**Description of the task**
Can you transcribe the data exactly? Leave the pictures out.

**Information shown**
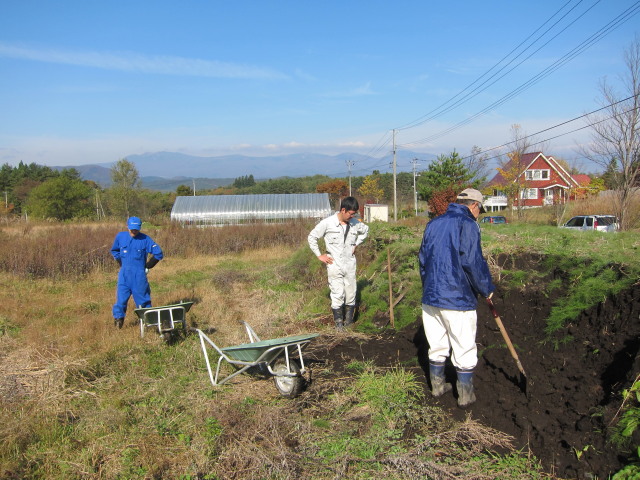 機械が無いので、人力で運んでいます。土づくりは大変です。
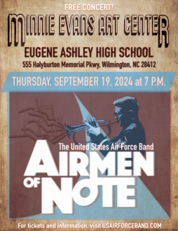 U.S. Air Force’s premier jazz ensemble, the Airmen of Note, will be performing at Minnie Evans Arts Center (MEAC) on Thursday, September 19th at 7:00 PM. This is a rare opportunity to witness one of the finest big bands in the country, right here at Ashley High School!
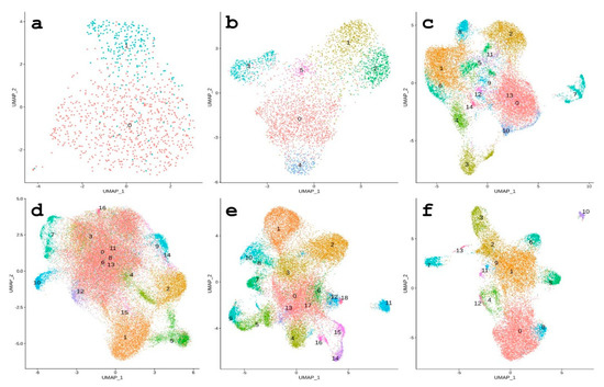 Results of the single-cell RNA-seq analysis. Umap plots of each embryo stage separately. (a) 64-cell embryo; (b) morula stage; (c) hatched blastula; (d) mesenchyme blastula; (e) early gastrula; (f) late gastrula.

**Answer space**
 機械が無いので、人力で運んでいます。土づくりは大変です。
 U.S. Air Force’s premier jazz ensemble, the Airmen of Note, will be performing at Minnie Evans Arts Center (MEAC) on Thursday, September 19th at 7:00 PM. This is a rare opportunity to witness one of the finest big bands in the country, right here at Ashley High School!
 Results of the single-cell RNA-seq analysis. Umap plots of each embryo stage separately. (a) 64-cell embryo; (b) morula stage; (c) hatched blastula; (d) mesenchyme blastula; (e) early gastrula; (f) late gastrula.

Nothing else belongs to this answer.